> Task directions:
From the listing that follows, output everything exactly except the pictures.

> Data excerpt:
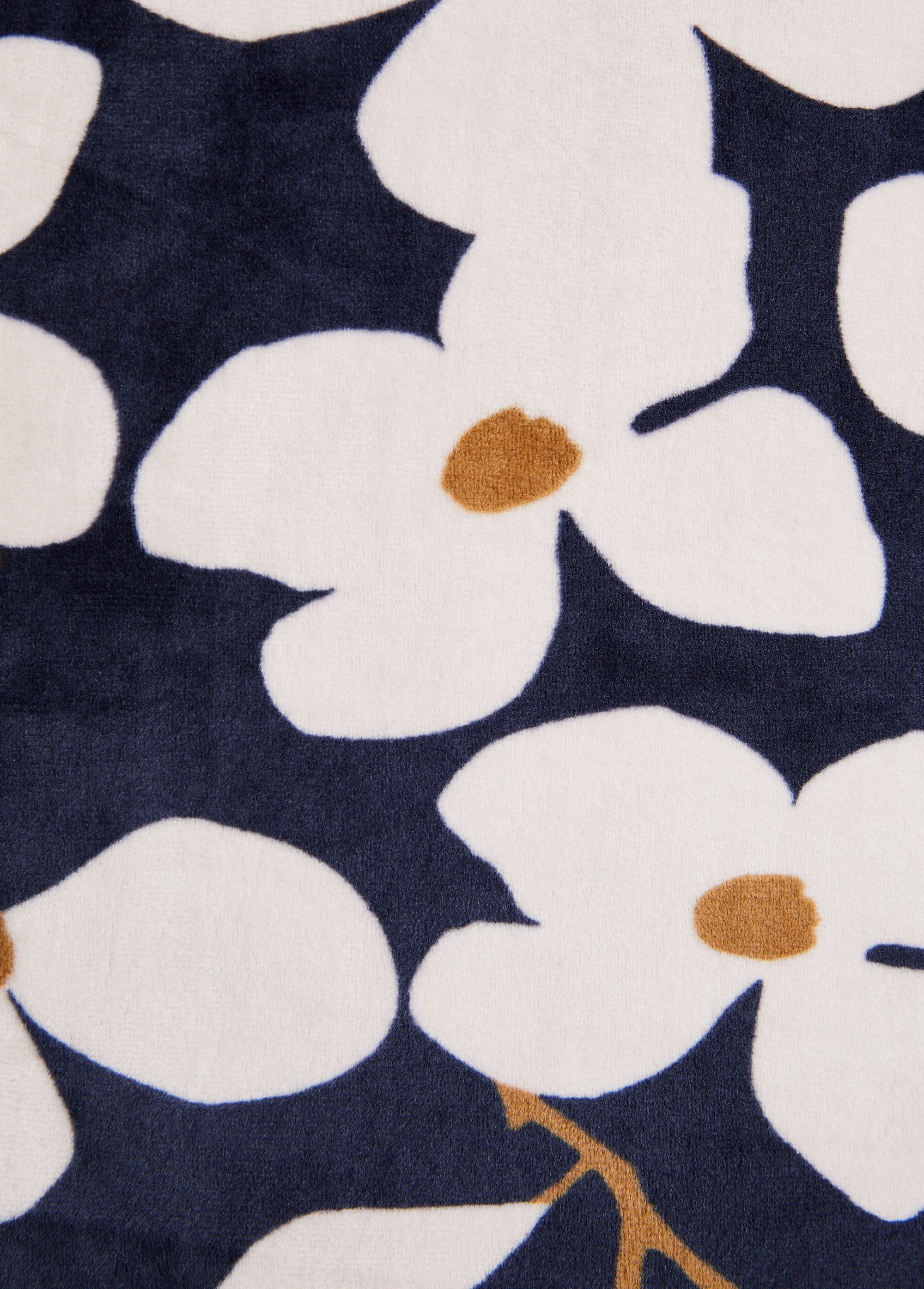 Appreciated for its comfort, the t-shirt nightgown has been updated with a superb floral pattern on a very soft velvet knit. Ribbed edges at the open round neckline and at the bottom of the long sleeves. Raglan armholes. Double stitching at the base.
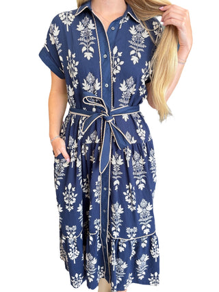 Floral print long sleeve midi dress featuring V-neckline and covered buckle belt.
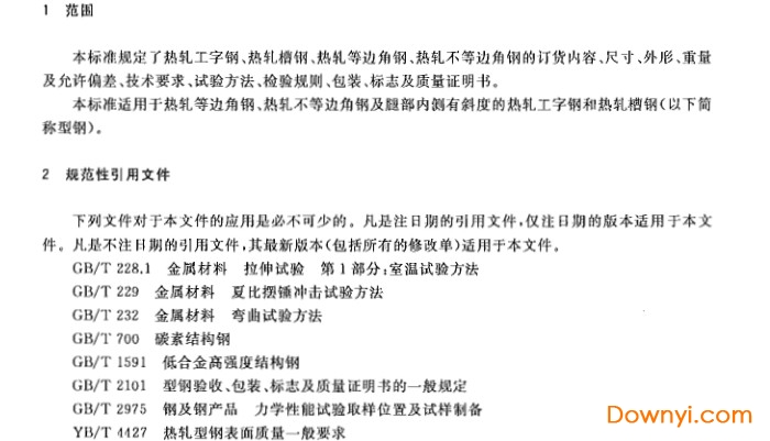 本标准规定了热轧工字钢、热轧槽钢、热轧等边角钢、热轧不等边角钢的订货内容、尺寸、外形、重量及允许偏差、技术要求、试验方法、检验规则、包装、标志及质量证明书,适用于热轧等边角钢、热轧不等边角钢及腿部内侧有斜度的热轧工字钢和热轧槽钢。

> Solution for this exercise:
 Appreciated for its comfort, the t-shirt nightgown has been updated with a superb floral pattern on a very soft velvet knit. Ribbed edges at the open round neckline and at the bottom of the long sleeves. Raglan armholes. Double stitching at the base.
 Floral print long sleeve midi dress featuring V-neckline and covered buckle belt.
 本标准规定了热轧工字钢、热轧槽钢、热轧等边角钢、热轧不等边角钢的订货内容、尺寸、外形、重量及允许偏差、技术要求、试验方法、检验规则、包装、标志及质量证明书,适用于热轧等边角钢、热轧不等边角钢及腿部内侧有斜度的热轧工字钢和热轧槽钢。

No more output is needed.